## What you need to do
Your job is to give again, exactly and with no additions, the lines in the records below from the one with "Plakatas Akvarelinė saulėgrąža" through the one with "Les erreurs les", both included. Omit the pictures.

※

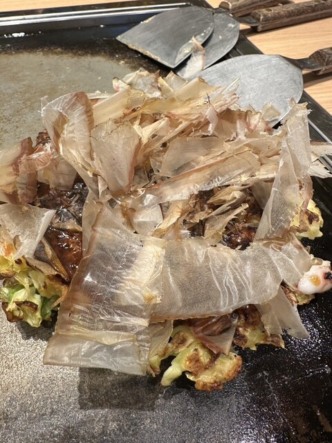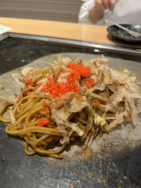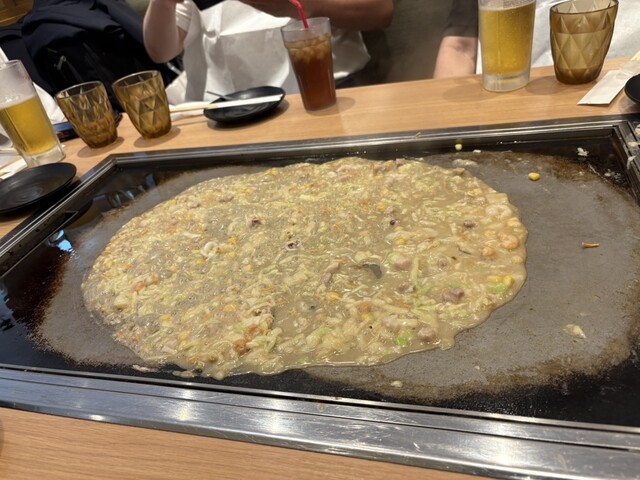 お昼時のショッピングモール、どのお店も混んでいる中で、比較的早く入店できそうだったので、消去法的に選択。もんじゃとお好み焼き、焼きそばを注文。もんじゃは席で店員さんが作ってくれて、お好み焼きと焼きそば...
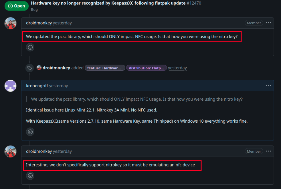 My Nitrokey 3C NFC stopped being detected by KeepassXC after upgrading to the latest flatpak (commit 3f6ba9832930f879ff7f80521b8d122e60dd933a9bd00098154c844c0fb6b138); I’m running ubuntu 2024.04. The release notes say Update pcsc-lite to 2.3.3, so I wondered whether this is an issue on the KeepassXC (the KeepassXC version didn’t change) side or with the pcsc libraries.
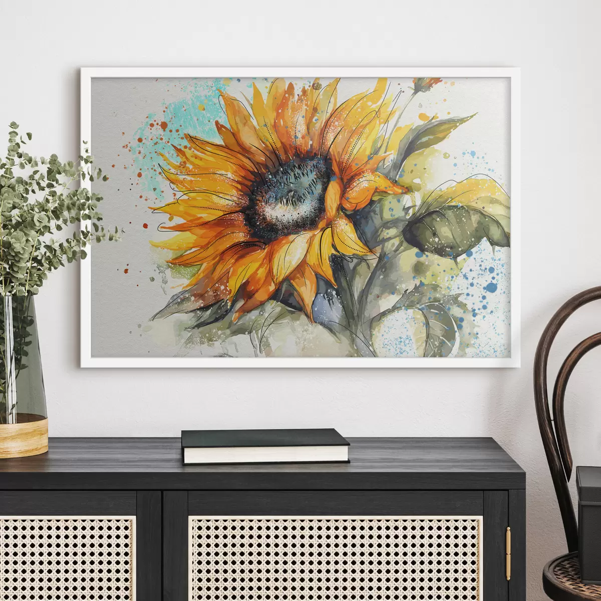 Plakatas Akvarelinė saulėgrąža su dažų purslais f39583
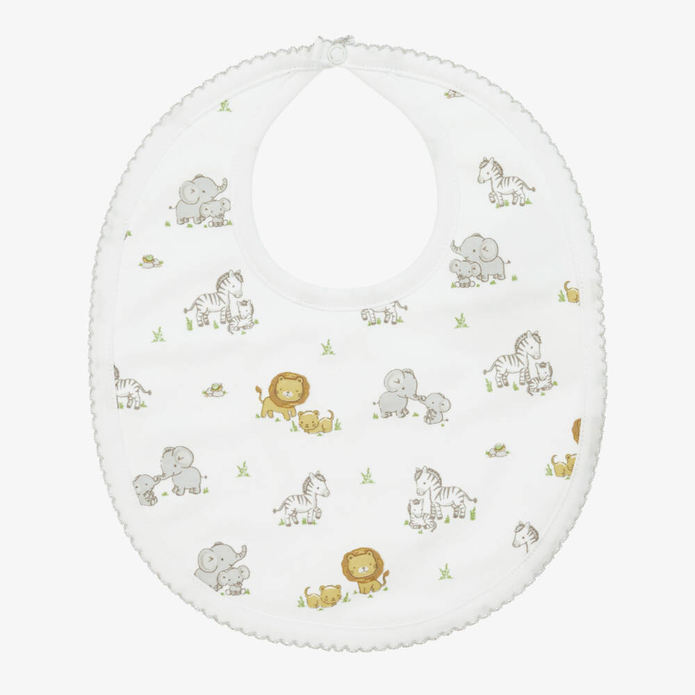 White bib for baby boys and girls by Kissy Kissy. It is patterned in a sweet jungle animal print in beige and grey, with picot embroidery trim. Made in super soft Pima cotton jersey, it has an absorbent towelling lining and fastens with a single popper.
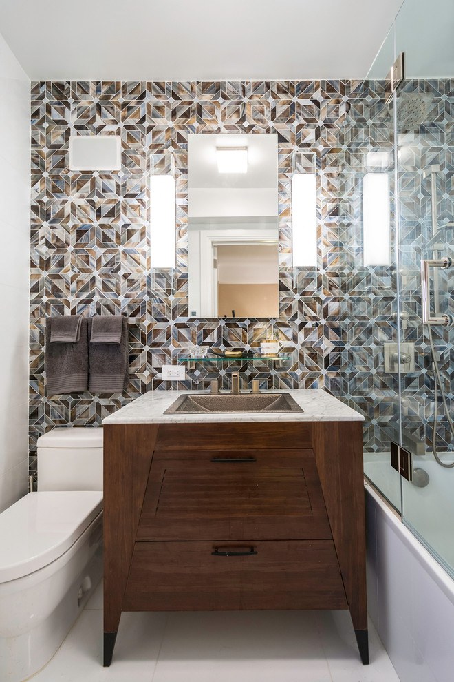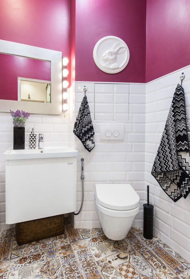 Les erreurs les plus courantes lors de la création d'un dessin de petite toilette sont l'absence d'équilibre général, une abondance de décor et une palette de couleurs très vive. Nous examinerons ci-dessous les instructions de style qui s’intègrent harmonieusement dans une petite zone de la pièce.
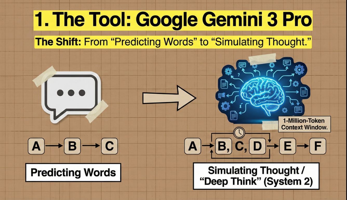 Until now, AI models were essentially sophisticated auto-complete engines. They guessed the next word. Gemini 3 Pro is different. It features a "Deep Think" (System 2) reasoning capability.
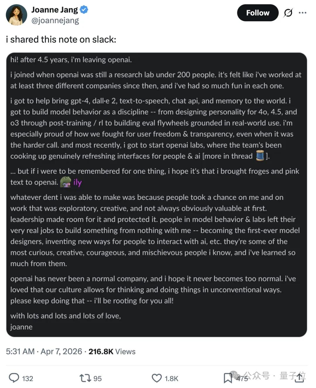 「4o之母」Joanne Jang发了一篇长文,宣布结束自己在OpenAI四年半的旅程。
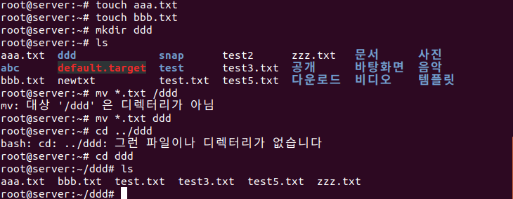 aaa.txt bbb.txt 만들고 ddd폴더로 move
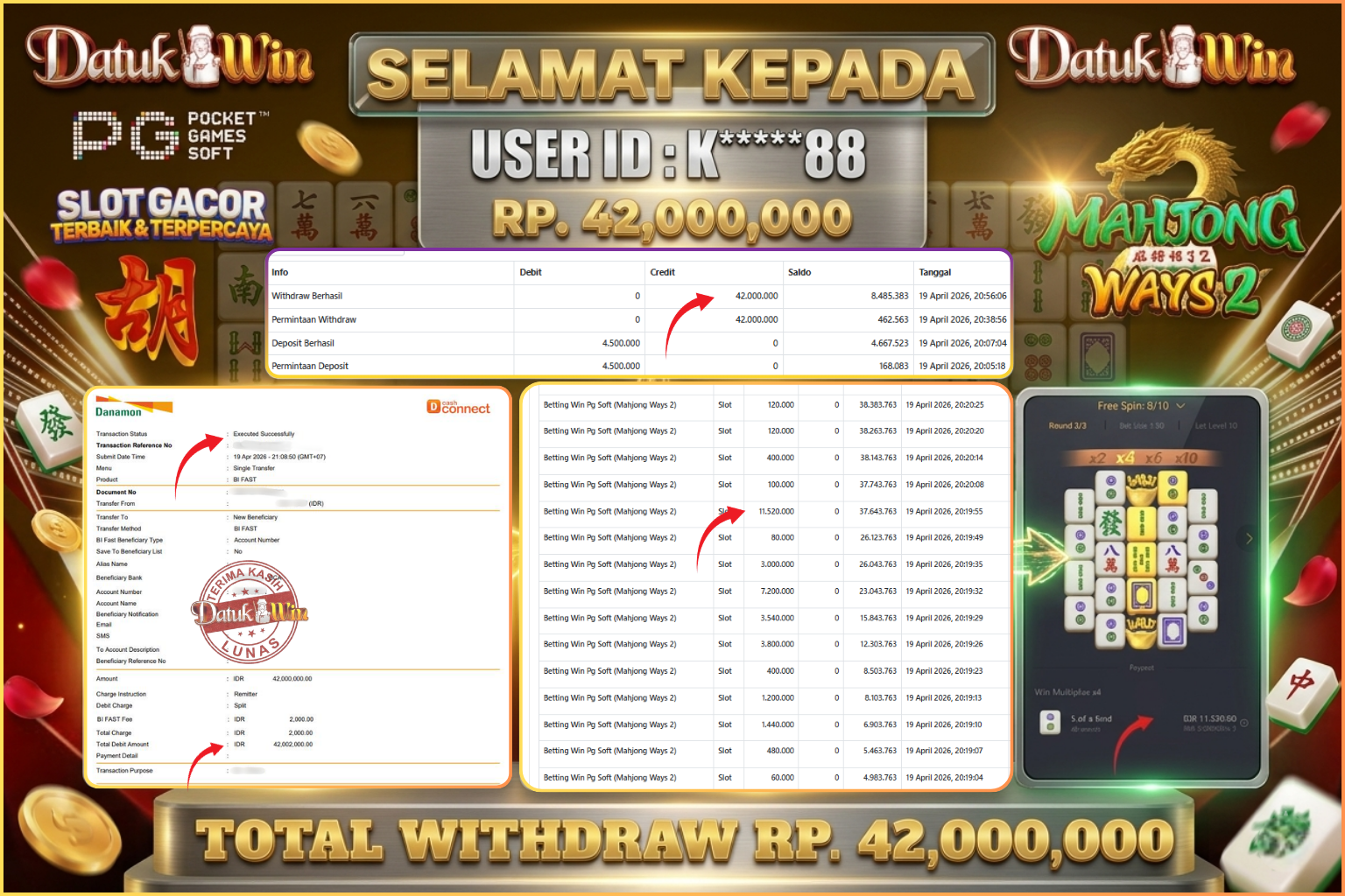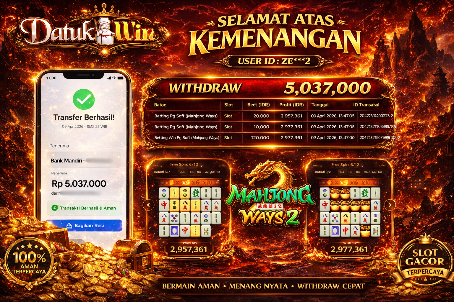Salah satu keunggulan dari situs DATUKWIN adalah bukti pembayaran yang jelas dan terbuka. Setiap transaksi keuangan, baik deposit maupun penarikan, dicatat secara sistematis dan dapat diakses oleh pengguna. Hal ini memberikan rasa aman bagi pemain, karena mereka dapat memverifikasi setiap pembayaran yang dilakukan. Selain itu, adanya sistem keamanan yang ketat menjamin bahwa data pribadi dan keuangan para pemain dilindungi dengan baik.
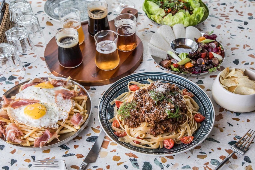 咚咚咚,不一會兒功夫菜都上桌囉,因為是以啤酒為主打的餐廳,棧酒食吧 SIP Gastrotaphouse的菜色口味上設定會比較重,比較適合配酒,但料理品項相當多樣化,從前菜沙拉、主食甜點,吃飽吃巧任君選擇

※

## Answer to the exercise
 Plakatas Akvarelinė saulėgrąža su dažų purslais f39583
 White bib for baby boys and girls by Kissy Kissy. It is patterned in a sweet jungle animal print in beige and grey, with picot embroidery trim. Made in super soft Pima cotton jersey, it has an absorbent towelling lining and fastens with a single popper.
 Les erreurs les plus courantes lors de la création d'un dessin de petite toilette sont l'absence d'équilibre général, une abondance de décor et une palette de couleurs très vive. Nous examinerons ci-dessous les instructions de style qui s’intègrent harmonieusement dans une petite zone de la pièce.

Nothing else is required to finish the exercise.